Commercially, it's a no-brainer because the tournament is a financial behemoth that just keeps getting bigger and bigger.

Officials are still calculating the enormous profits from last year's RWC in Japan because it surpassed all expectations, smashing the previous records from the 2015 edition in England, which generated an economic output of $4.2 billion, created 34,000 jobs and sold almost 2.5 million tickets.

The players love it, the standard of play is better and rugby fans the world over have made it clear they just can't get enough of the RWC.

 

More than 400,000 international visitors from 170 different countries travelled to the first RWC in Asia, proving how easily the sport can break into new frontiers when given the chance, while at the same time underlining how shamefully slow the sport's blazers have been to recognise those opportunities.

But the penny still hasn't dropped for the game's officials.

If they persist with their antiquated four-year cycle, it'll be a least another quarter of a century before the RWC returns to the world's most populated region and more than a decade before it heads to the United States.

That's administrative madness on an industrial scale but what else would you expect from an organisation that first entertained the idea of a World Cup in the 1950s but didn't get it off the ground until 1987.

The lame arguments for sticking with the existing four-year cycle have been blown apart by the coronavirus pandemic because the notion of sports administrators keeping their biggest event in cotton wool is ludicrous.

Does anyone think the Melbourne Cup or the Super Bowl or Wimbledon would be more successful if they were held less often?

There is a reason why the Ashes is on every two years.
There is a reason why the Ashes is on every two years.

Has anyone suggested the Ashes or the Ryder Cup - which are both held every two years - are in danger of overexposure?

Even the Olympics is held every two years - alternating between Summer and Winter Games - while football has an array of continental championships to fill the gaps between its World Cup.

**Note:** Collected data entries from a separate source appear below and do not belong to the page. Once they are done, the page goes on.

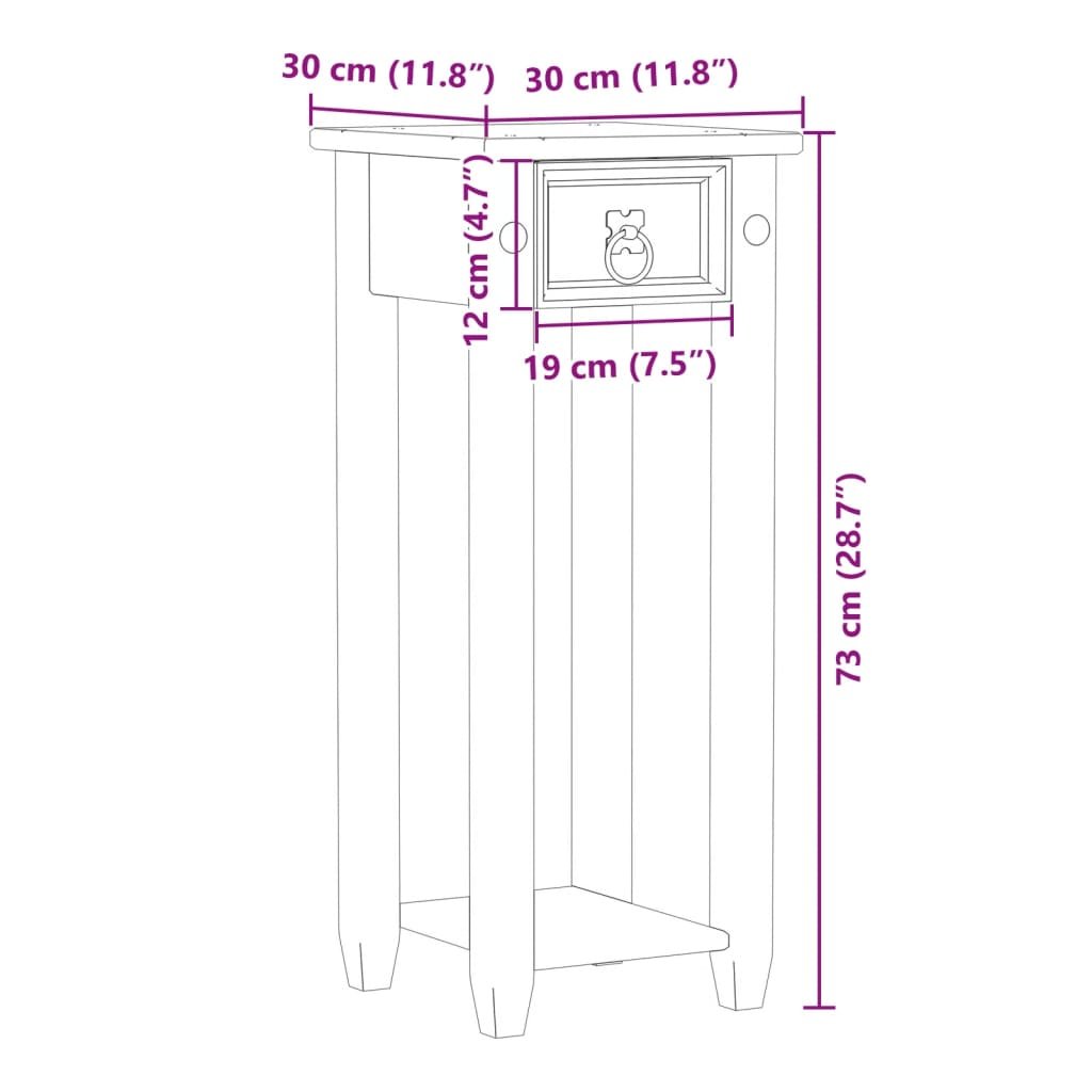 - Kovová úchytka: Stolek je vybavený kovovou úchytkou, která usnadňuje otevírání a zavírání zásuvky a zároveň jí dodává na kráse.
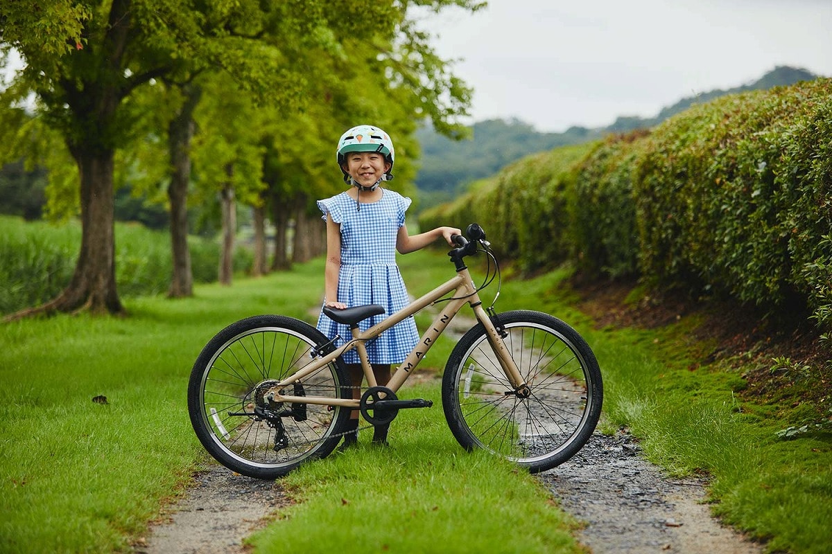 小学校 3年生ごろから乗れるマウンテンキッズバイクです。身長が低いお子様でも乗りやすい特別な一体型サドルを使用しています。そろそろスポーツや習い事が始まる年齢だと思います。お友達と一緒に帰る事も多くなる中で、自慢できる自転車を目指しました。スピードを出しがちなお年頃のお子様の為によくきくブレーキを使用しています。バイクが軽量で6段変速なので坂道もスイスイよく登ります。
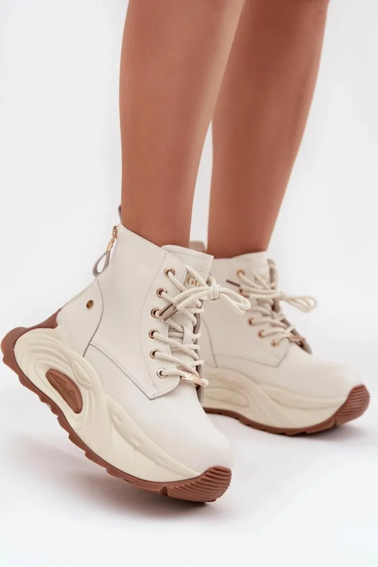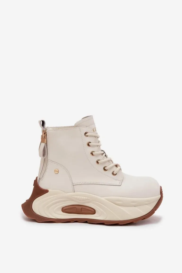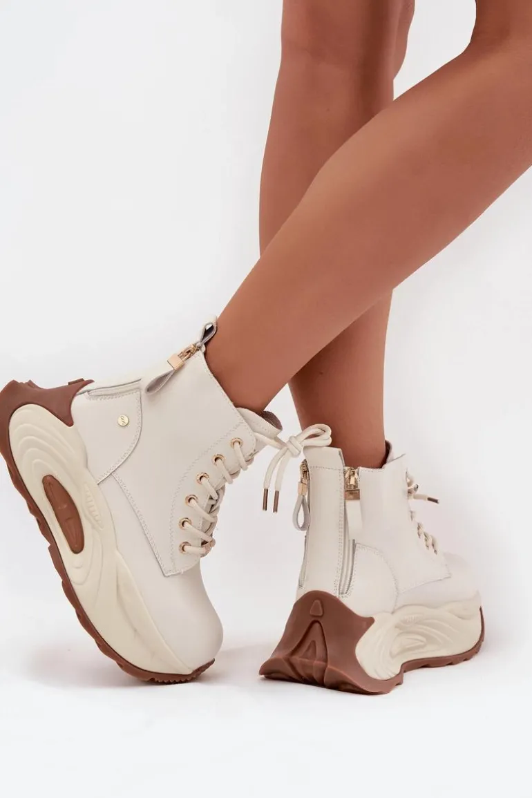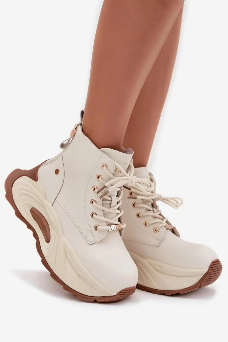 Botki damskie GOE to propozycja dla kobiet, które cenią nowoczesny styl i wygodę. Wykonane z wysokiej jakości naturalnej skóry, prezentują się elegancko i są wyjątkowo trwałe. Osadzone na masywnej platformie, dodają sylwetce charakteru i świetnie wpisują się w aktualne trendy. Model jest sznurowany, a dodatkowo posiada dwa suwaki z tyłu po bokach, co ułatwia zakładanie i podkreśla jego oryginalny design. To idealne buty na co dzień, które doskonale dopełnią zarówno casualowe, jak i bardziej wyraziste stylizacje. Przy wyborze rozmiaru prosimy kierować się tabelą rozmiarów
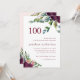 Linda e víbora aquática, botânica floral e verde, um centésimo convite de festas de celebração de aniversário, apresenta um belo rosa pastel de volta com flores roxas e arbustos verdes, e uma frente branca com elegante 100 tipografia e florescências com folhagem.
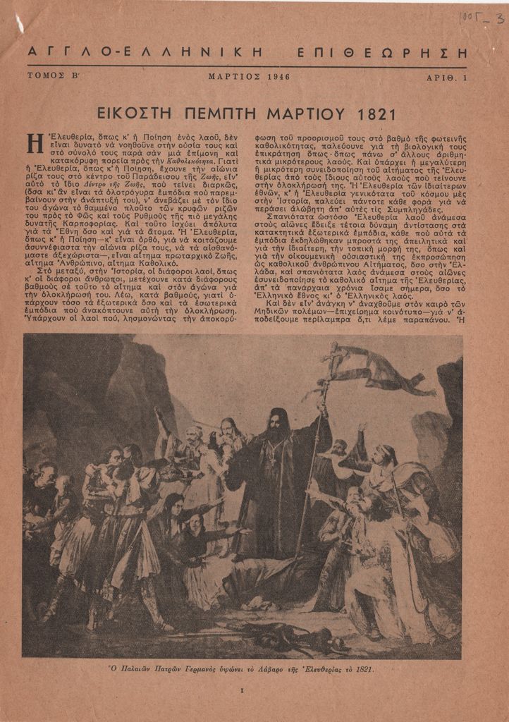 Απόκομμα, χαρτί, 3 φφ, 28×20 εκ., στα ελληνικά, δημοσίευσης άρθρου αναφερόμενου στη συνεργασία του Μακρυγιάννη με τον Παναγιώτη Ζωγράφο. Δίνονται πληροφορίες για τα έργα που φιλοτέχνησε ο δεύτερος με θέμα την Ελληνική Επανάσταση ύστερα από καθοδήγηση του στρατηγού. Δίνονται σχετικές πληροφορίες για τους δύο και για τη σύμπραξή τους.
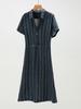 Vestido Nuevo de Lino de Manga Corta para Mujer Verano Perezoso Relajado Rayado Línea A Largo Medio Suelto
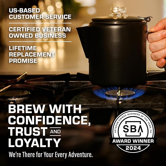 • PROTECTIVE BLACK COATING — We coated an already sturdy & durable percolator to make our sleekest looking coffee maker yet. Brew in style and make your bold camping coffee in something really cool lookin’.
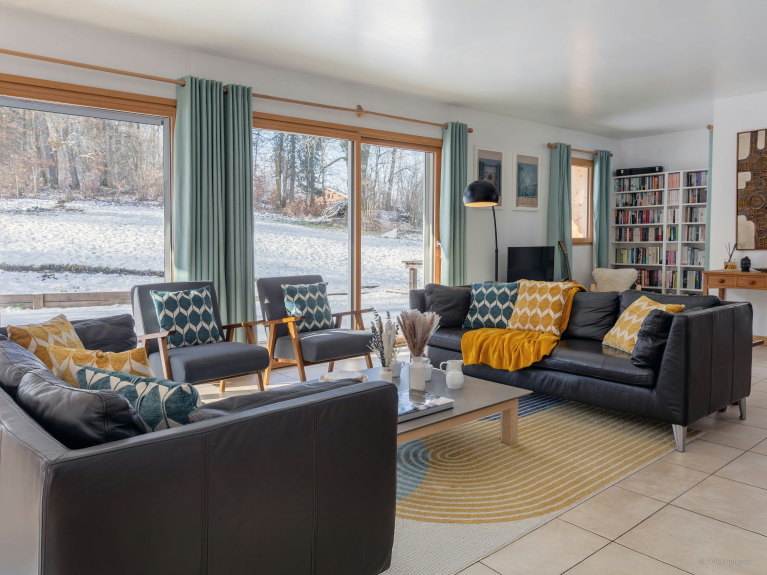 Im Erdgeschoss erhellen große Fensterfronten den Wohnbereich. Das Wohnzimmer ist mit seinem Holzofen gemütlich und die Leseecke ist mit Büchern und Musikinstrumenten gefüllt, die Ihre Abende verschönern werden. Der von natürlichem Licht durchflutete Esstisch ist groß genug, um Ihrer gesamten Gruppe Platz zu bieten. Die offene Küche ist extrem gut ausgestattet und verfügt über großzügige Vorbereitungsmöglichkeiten.
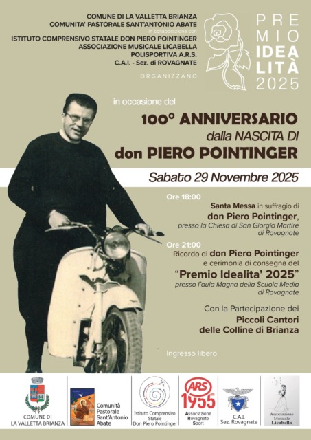 Il Comune di La Valletta Brianza e la Comunità Pastorale Sant’Antonio Abate promuovono il Premio Idealità 2025, nel centenario della nascita di don Piero Pointinger. Sabato 29 novembre si terrà alle 18 la Santa Messa in suo suffragio nella chiesa di San Giorgio Martire a Rovagnate, mentre alle 21, nell’Aula Magna dell’I.C.S. Pointinger, verrà consegnato il premio con la partecipazione dei Piccoli Cantori delle Colline di Brianza. Un’occasione per ricordare don Piero e i valori che ha donato alla comunità.
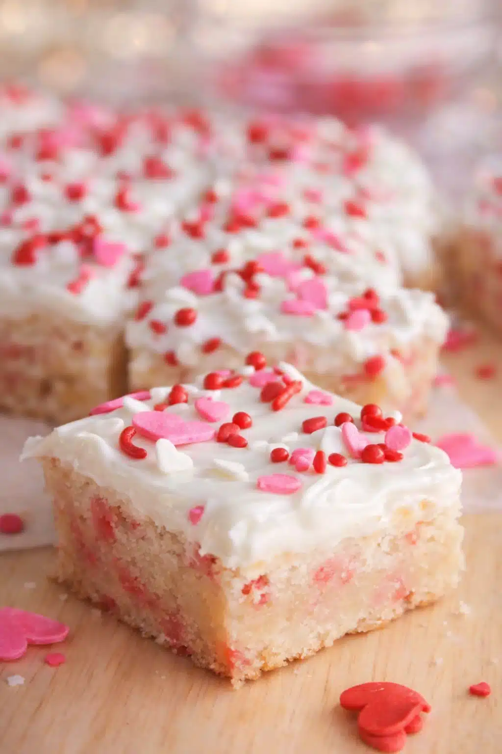 Soft, buttery Valentine sugar cookie bars topped with white frosting and colorful sprinkles. These festive treats are quick to bake, easy to decorate, and perfect for parties or gifting.
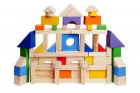 Деревянный конструктор включает 20 деталей разных цветов, которые станут замечательным украшением игрушечного города.
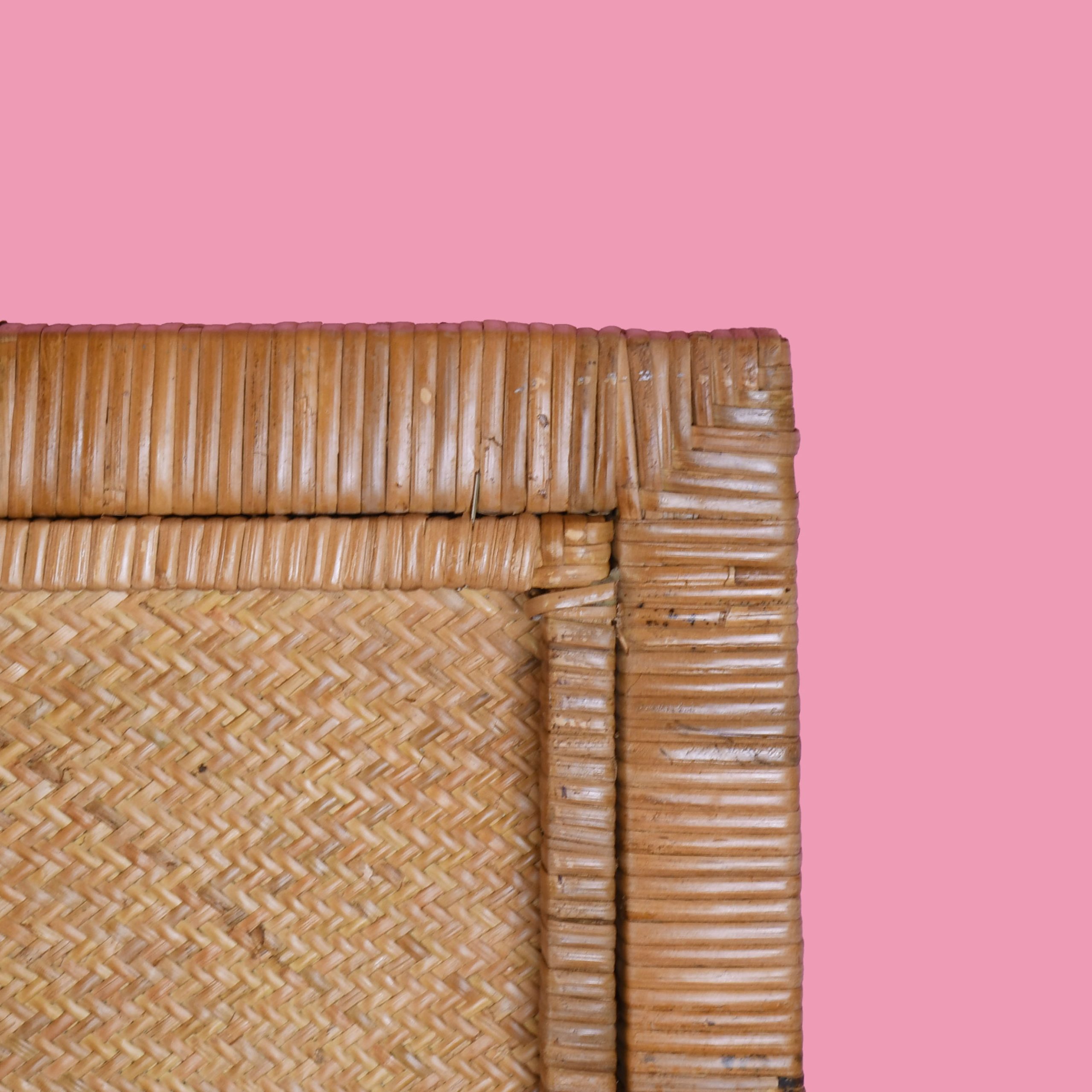 Wrapped Rattan and Woven Rattan Queen Headboard in nice as found vintage condition. There are minor scuffs, scrapes and wear to the as found finish. (see photos)
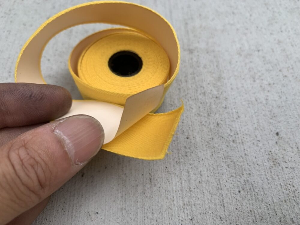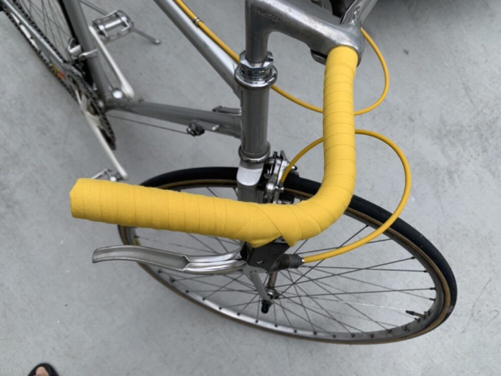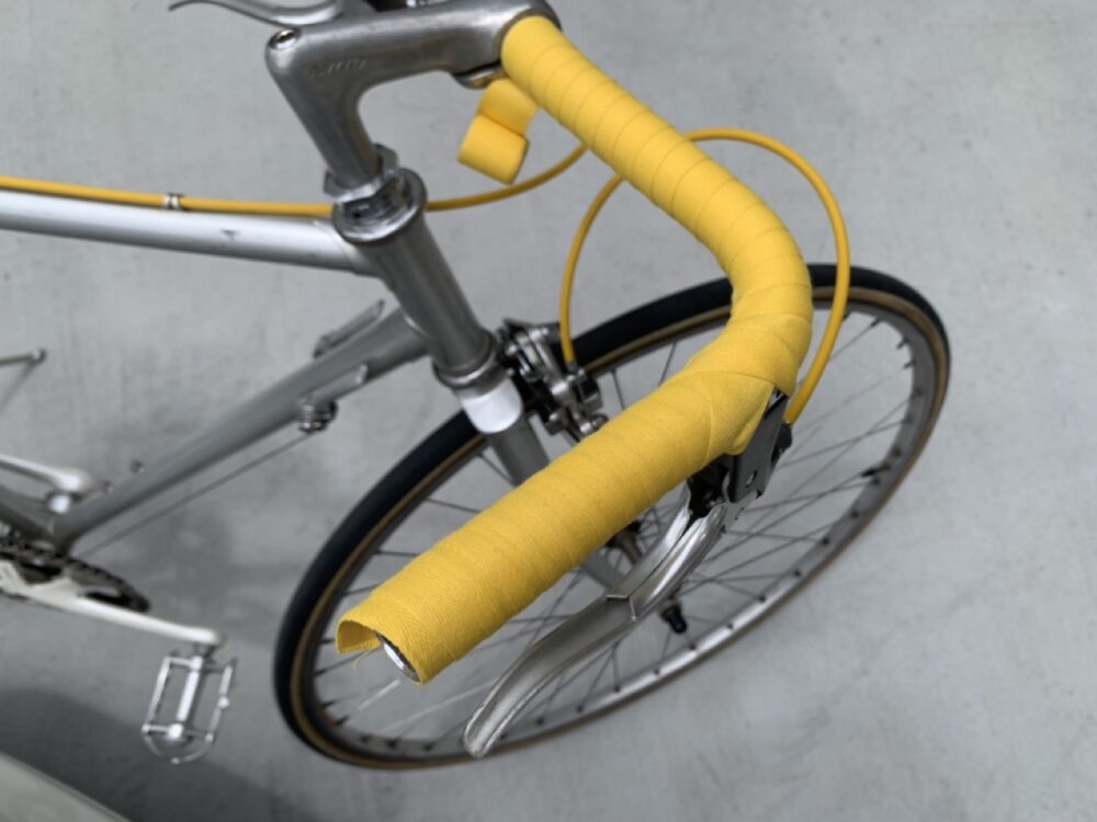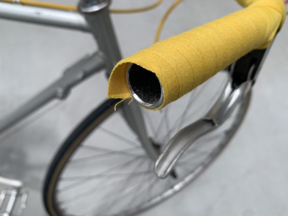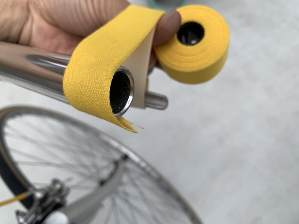 バーエンド側から少しだけ余分にはみ出しながら巻き始めていくのだが、ブレーキレバー近くになってからレバー部に巻き残しが出てしまうことに気づく。最初からそうなることを見越して綿テープを切り貼りしておくんだった……。初心者らしいミスに後戻りを考えるが、先に交換したチューブに合わせた黄色のハンドルを見たい一心で一気に巻き切る。
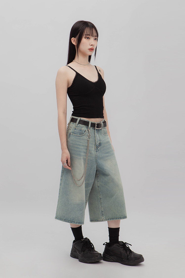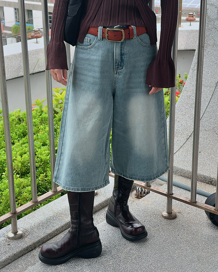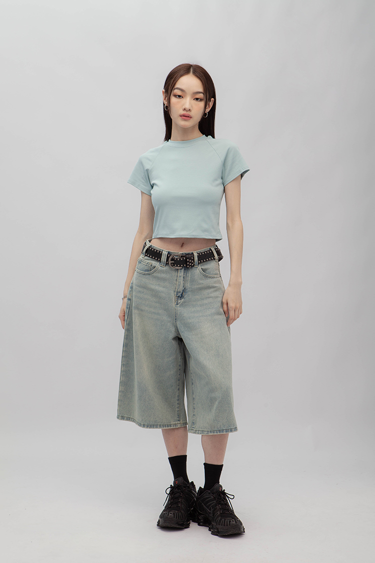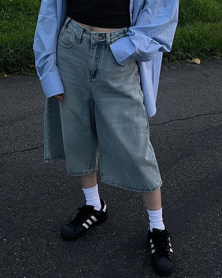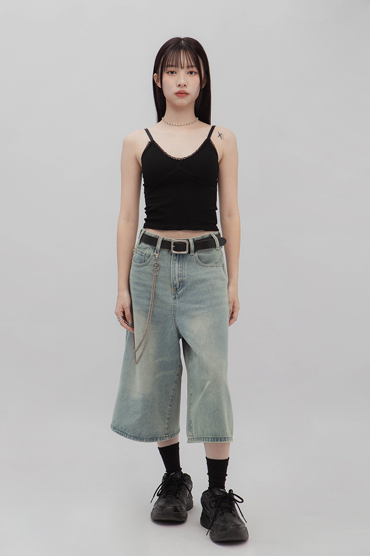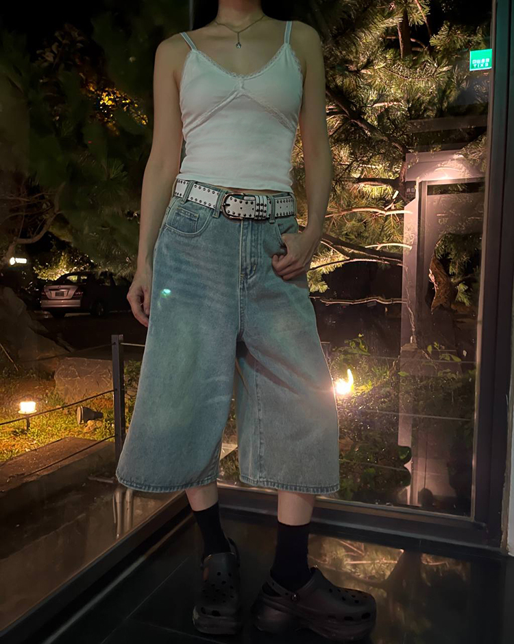 中腰剪裁,鈕釦拉鍊閉合,五口袋,淺藍水洗工藝,貓鬚處理,無彈性,寬管直筒七分褲,高棉透氣且柔軟,中等厚度,經典耐穿。
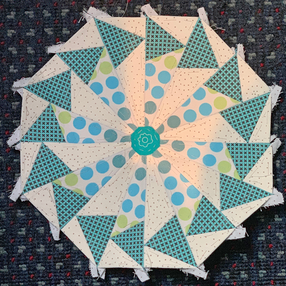 This is my Block 1, finished on the plane home from Italy. (That’s airplane carpet, not fabric, under the block.)
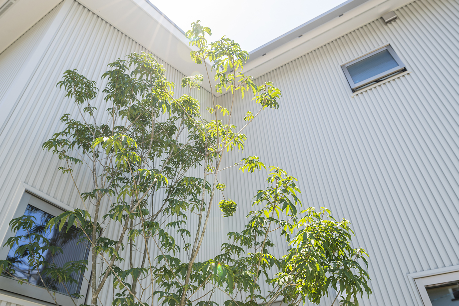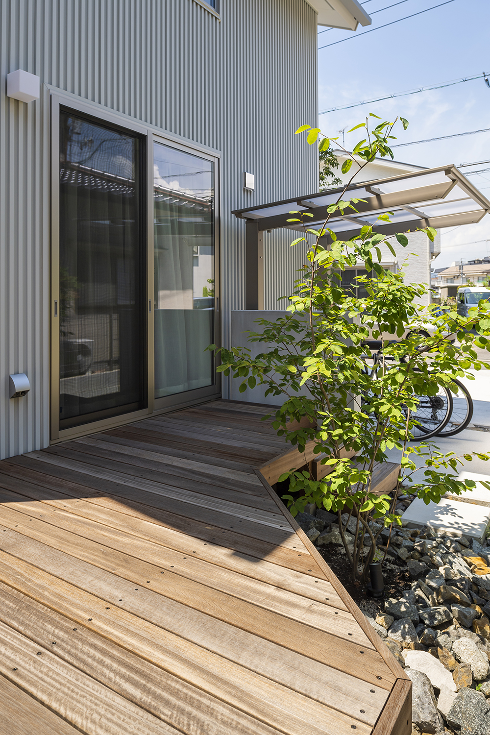 日頃のお手入れを考えて植栽は多くはないが、殺風景にならないよう緑が引き立つ場所にポイントとして緑を配し、背の高いアオダモが窓からも望むことができるよう提案した。リビングとつながるウッドデッキは、駐輪スペースの奥に目隠し壁を設け、よりプライバシーを確保した。リビングの前はウッドデッキの出幅を短くすることで縁側のような空間をつくり、窓から見えるジューンベリーが季節を演出してくれる。

Rugby is falling behind so needs to get with the program and double down on the events fans want because even the best traditions that are worth preserving can do with some innovations.

That includes fast-tracking Japan and Fiji into an expanded Rugby Championship, reviving the Grand Slam tours and shifting the British and Lions tours to a different time in the cycle to make way for the only reliable cash cow that can save the game.